A Parametric Study of Radiative Dipole Body Array Coil for 7 Tesla MRI

TL;DR

This paper investigates how the placement of radiative dipole antennas in a phased array affects MRI performance at 7 Tesla, using numerical simulations and in-vivo experiments to optimize array design.

Contribution

It provides a comprehensive parametric analysis of dipole positioning effects on array efficiency and safety metrics for ultrahigh-field MRI.

Findings

Optimal dipole placement improves $B_1^{+}$ efficiency.
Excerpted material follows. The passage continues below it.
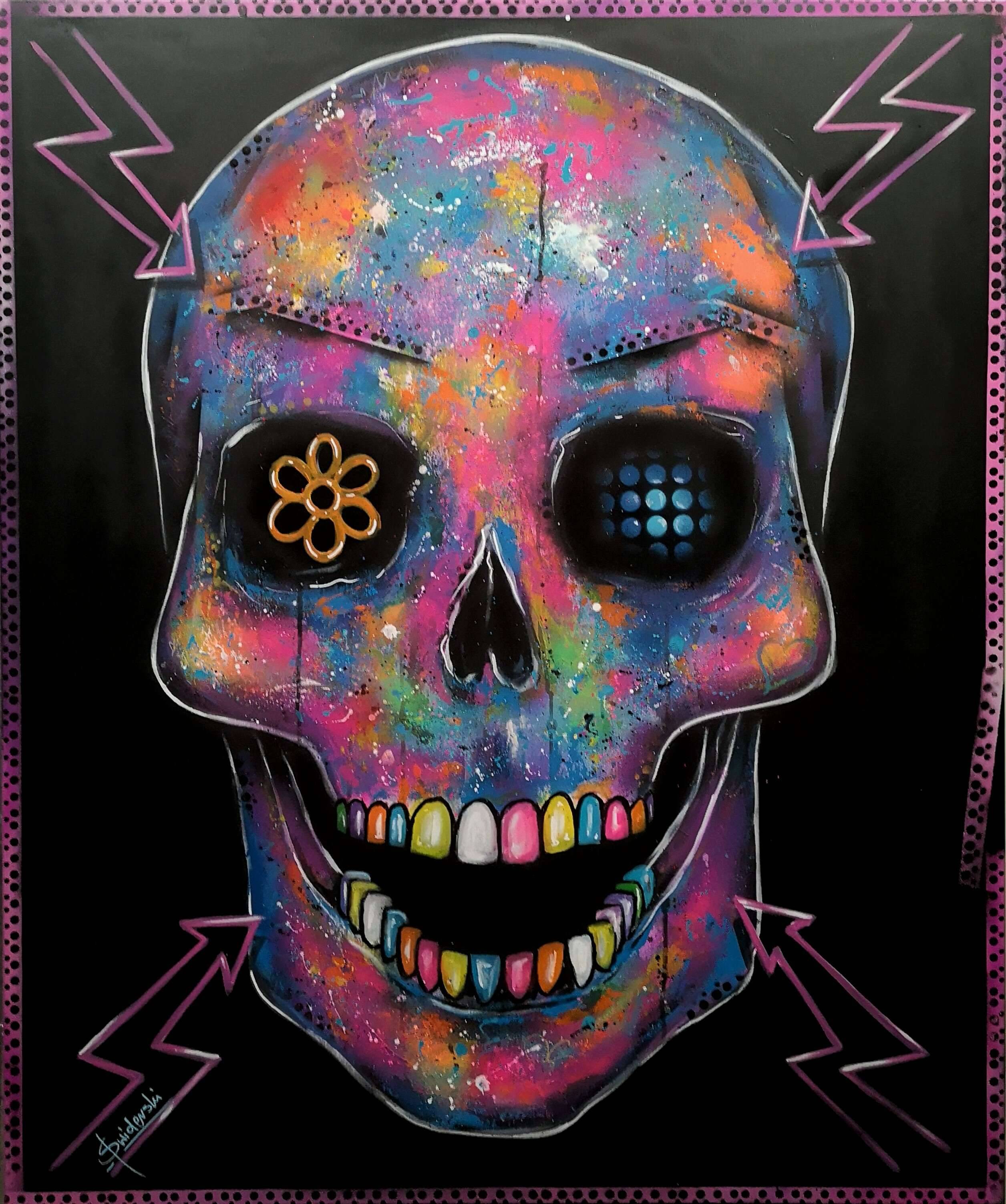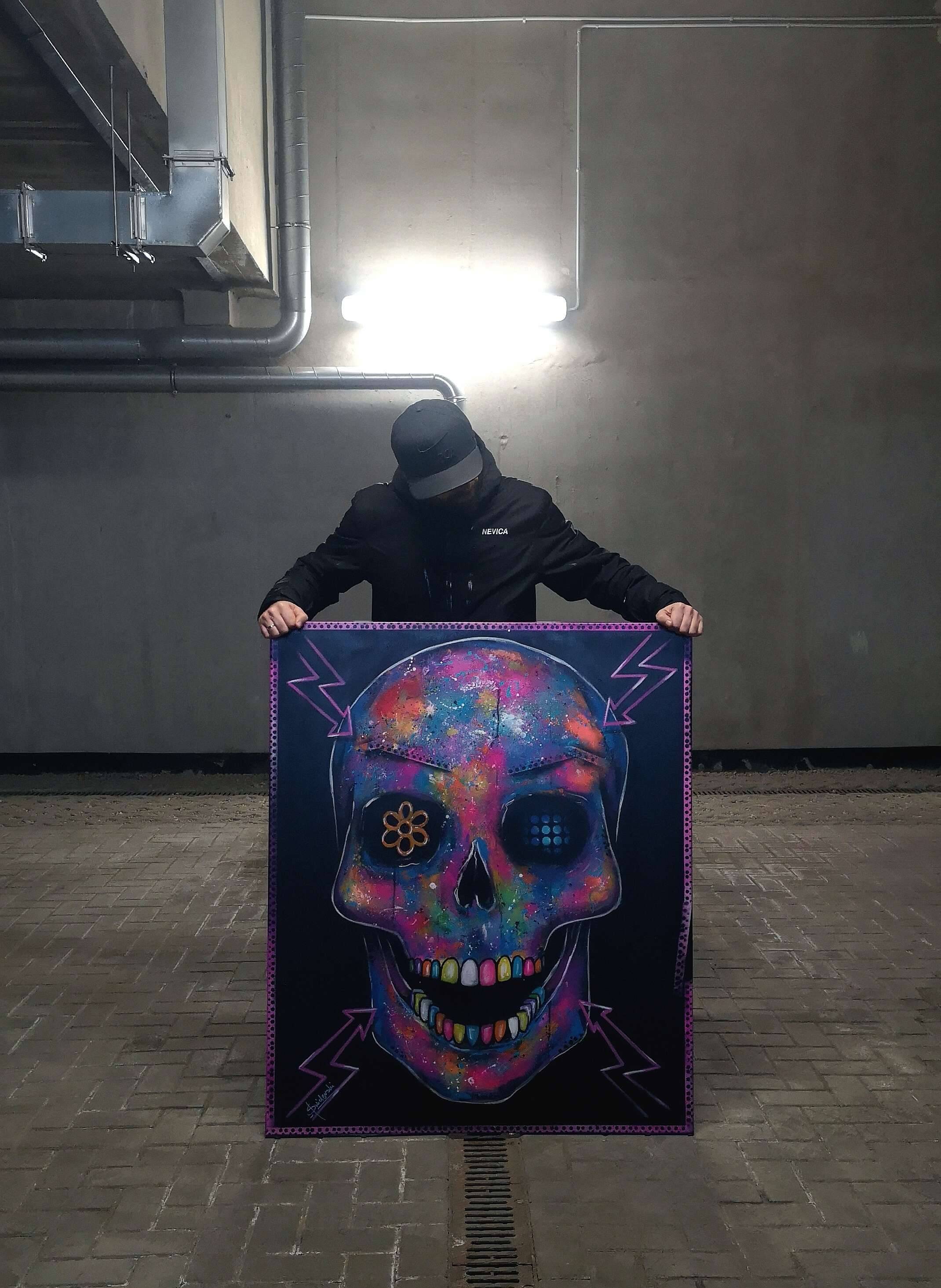 Na obrazie dominuje czaszka, ale nie jest to zwykła czaszka. Pokryta wielobarwnymi plamami, które przypominają eksplozję tęczy. Kolory migoczą, od błękitów, przez różowe, po intensywne żółcie. Wygląda jakby ktoś rozrzucił galaktykę na czarnym tle. Na jednym oku błyszczy kwiatek, a drugie jest jakby kropkowane. Wygląda to jak party w stylu pop art. Zęby są kolorowe, jak cukierki, i wydaje się, że czaszka uśmiecha się pełnym blaskiem. Nastrój jest jednocześnie wzniosły i niepokojący. Whoa! Pomyślałby ktoś zapatrzony w to dzieło sztuki. Artysta użył techniki sprayu, co dodaje mu dynamiczności. Czaszka emanuje energią, jakby chciała powiedzieć, że śmierć też może być cool. Można poczuć mieszankę grozy i fascynacji. Myśli siedmiolatka: "To chyba czaszka z kosmosu". Obraz sprawia, że zaczynasz myśleć o przemijaniu, ale w sposób, który jest bardziej intrygujący niż smutny. Artyście udało się zamknąć w tej kompozycji paradoks, gdzie zabawa styka się z tajemnicą.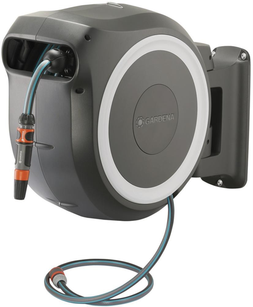 • Inhalt: Qualitätsschlauch, flexiblem Anschlussschlauch, Original GARDENA Systemteilen und Spritze. Inklusive Wandhalterung mit Schrauben, Dübeln und Montagehilfe. Mit Diebstahlsicherung

Mutual coupling is minimized with specific array configurations.

Experimental results validate numerical predictions.

Abstract

In this contribution we present numerical and experimental results of a parametric quantitative study of radiative dipole antennas in a phased array configuration for efficient body magnetic resonance imaging at 7T via parallel transmission. For magnetic resonance imaging (MRI) at ultrahigh fields (7T and higher) dipole antennas are commonly used in phased arrays, particularly for body imaging targets. This study reveals the effects of dipole positioning in the array (elevation of dipoles above the subject and inter-dipole spacing) on their mutual coupling, $B_1^{+}$ per $P_{acc}$ and $B_1^{+}$ per maximum local SAR efficiencies as well as the RF-shimming capability. The numerical and experimental results are obtained and compared for a homogeneous phantom as well as for a real human models confirmed by in-vivo experiments.